BEGIN
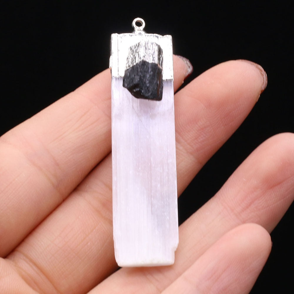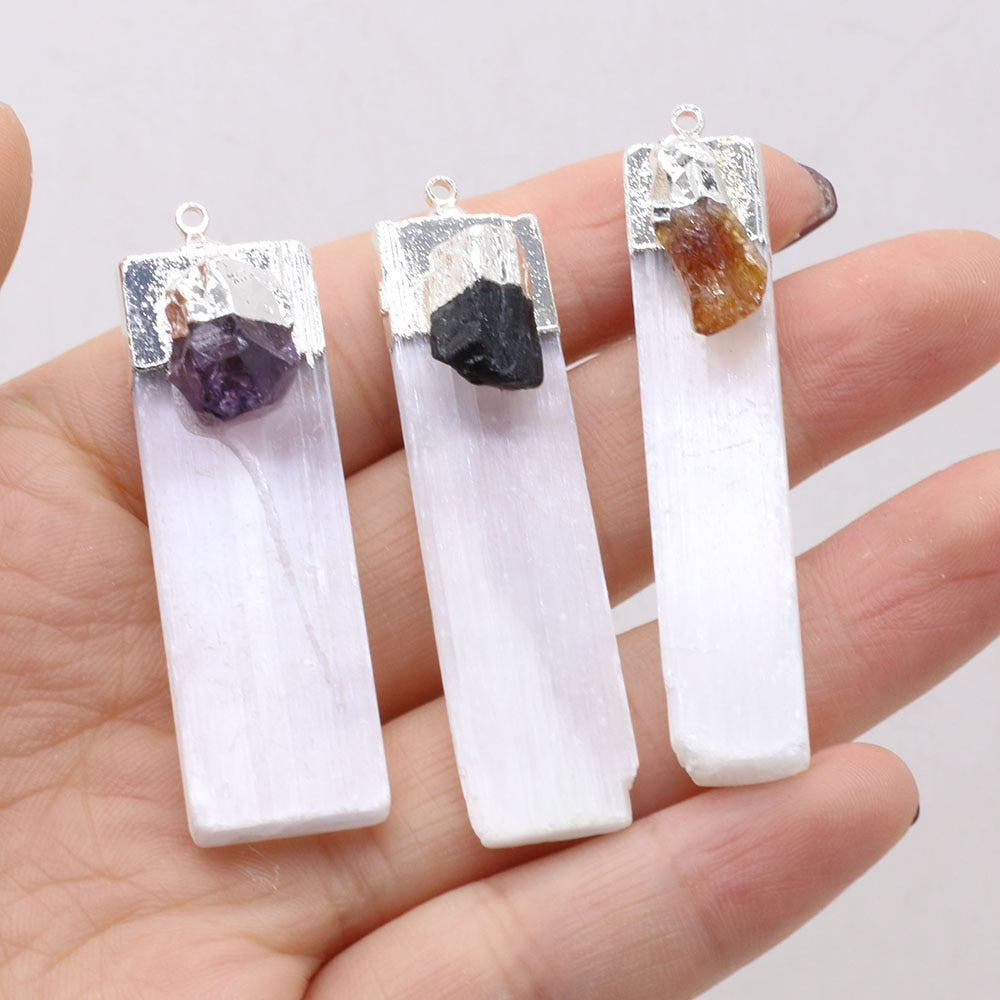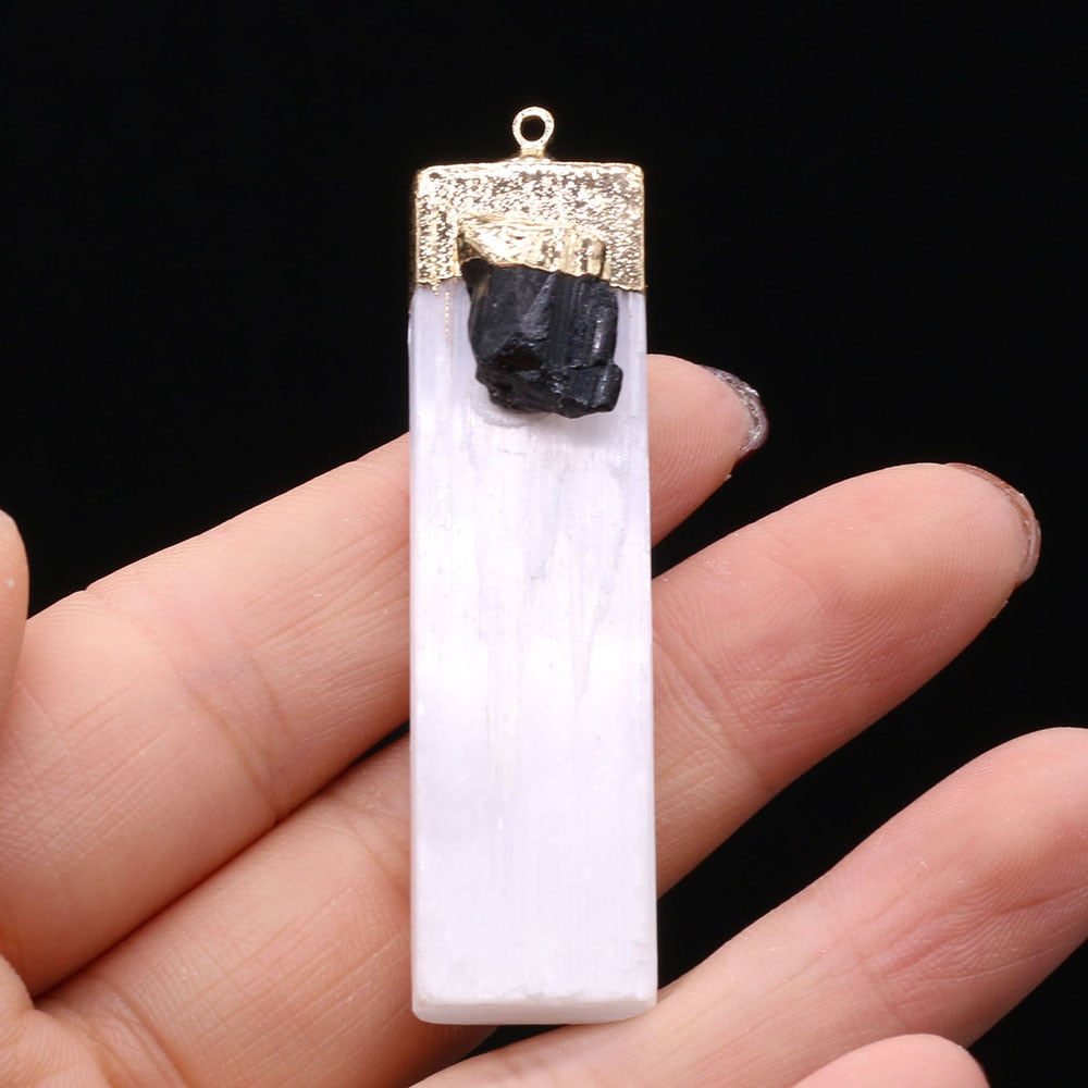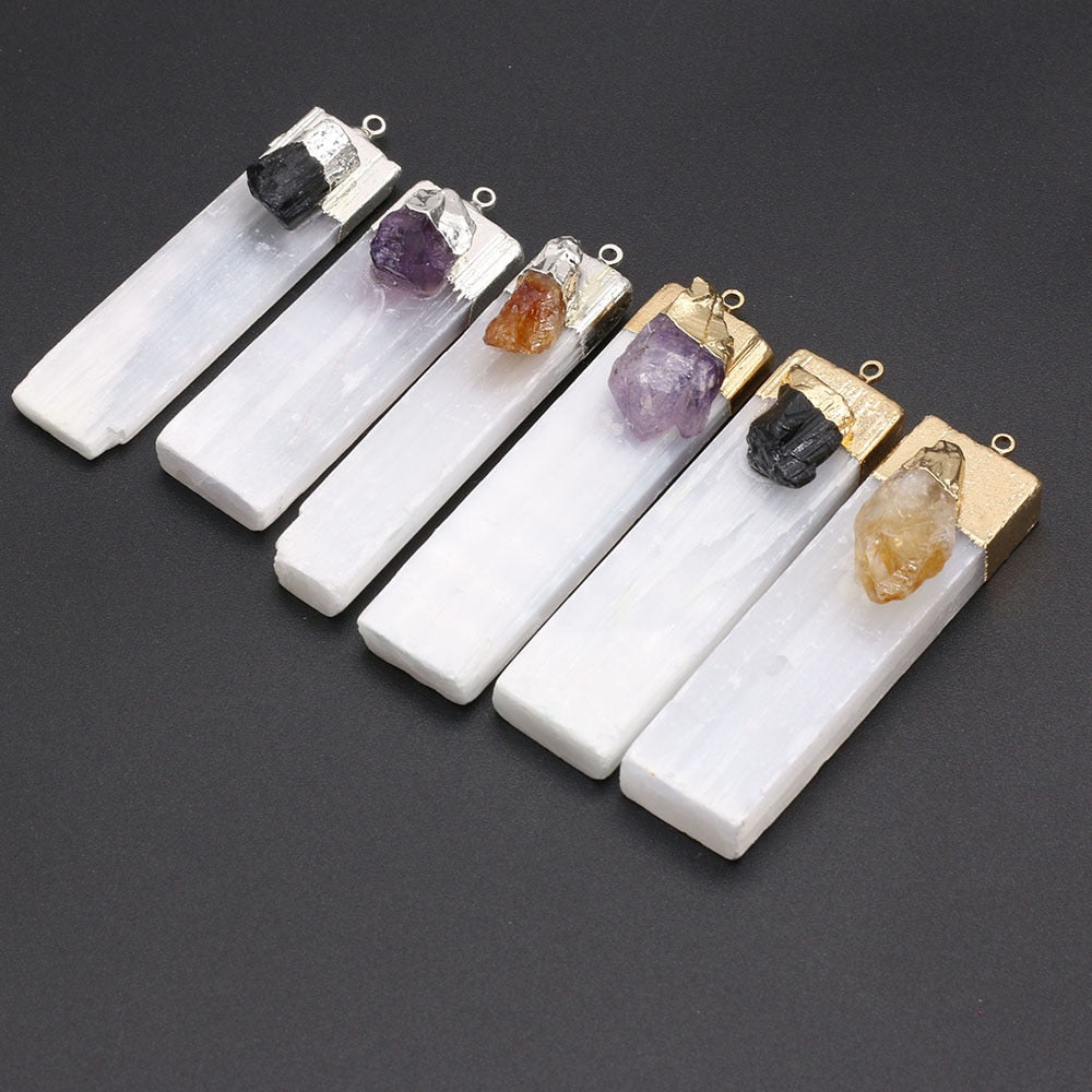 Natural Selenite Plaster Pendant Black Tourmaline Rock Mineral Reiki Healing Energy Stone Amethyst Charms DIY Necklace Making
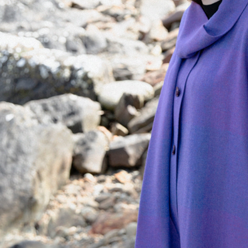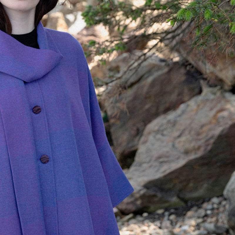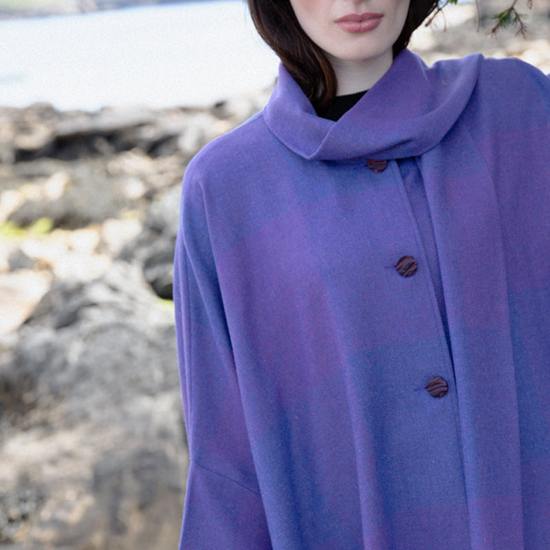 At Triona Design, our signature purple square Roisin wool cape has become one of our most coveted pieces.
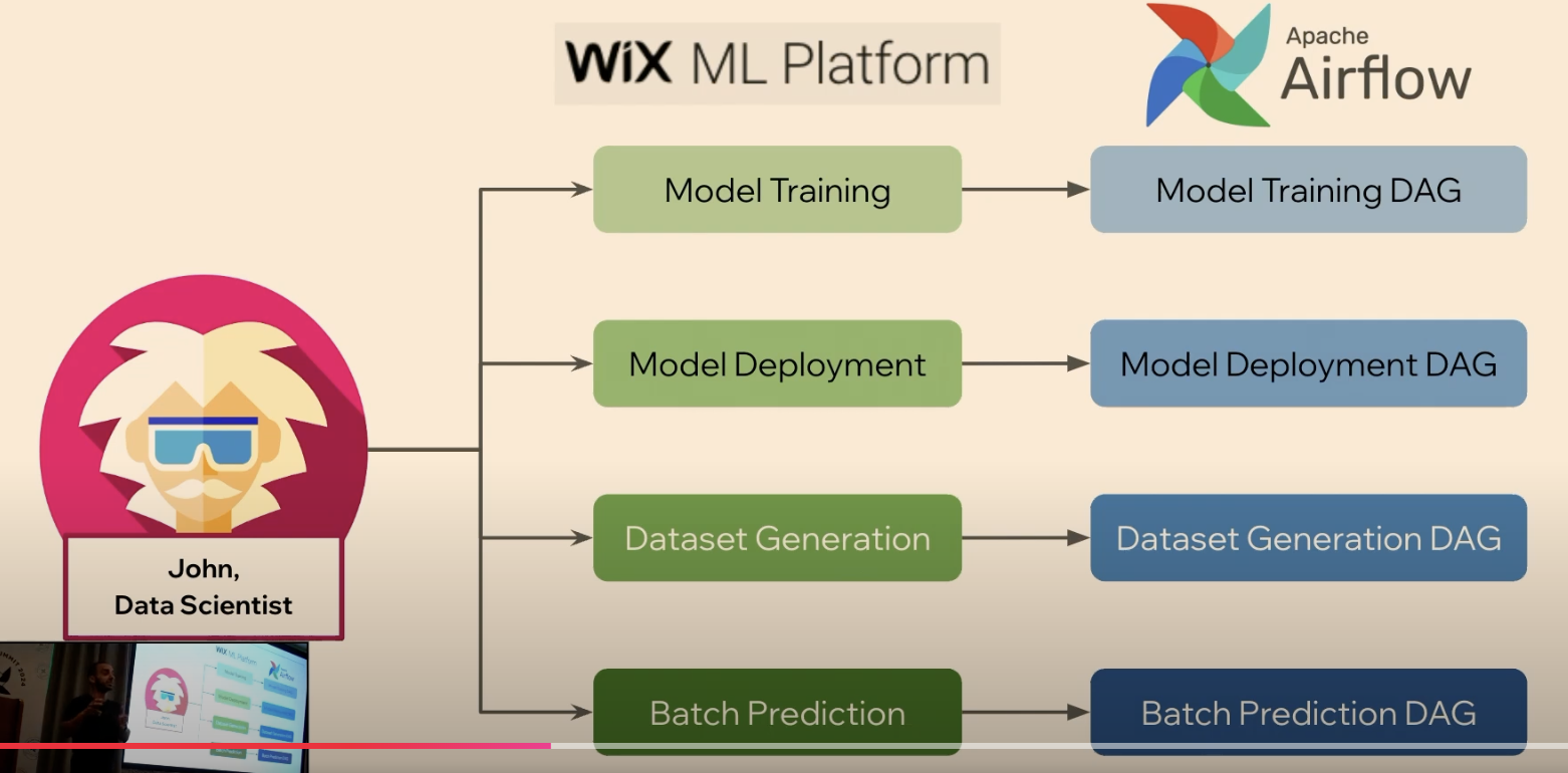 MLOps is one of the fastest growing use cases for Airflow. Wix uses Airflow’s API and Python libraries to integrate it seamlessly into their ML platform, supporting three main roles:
END
> Exercise
For this exercise, restate the material exactly and skip every picture.

> Answer to the problem
 Natural Selenite Plaster Pendant Black Tourmaline Rock Mineral Reiki Healing Energy Stone Amethyst Charms DIY Necklace Making
 At Triona Design, our signature purple square Roisin wool cape has become one of our most coveted pieces.
 MLOps is one of the fastest growing use cases for Airflow. Wix uses Airflow’s API and Python libraries to integrate it seamlessly into their ML platform, supporting three main roles:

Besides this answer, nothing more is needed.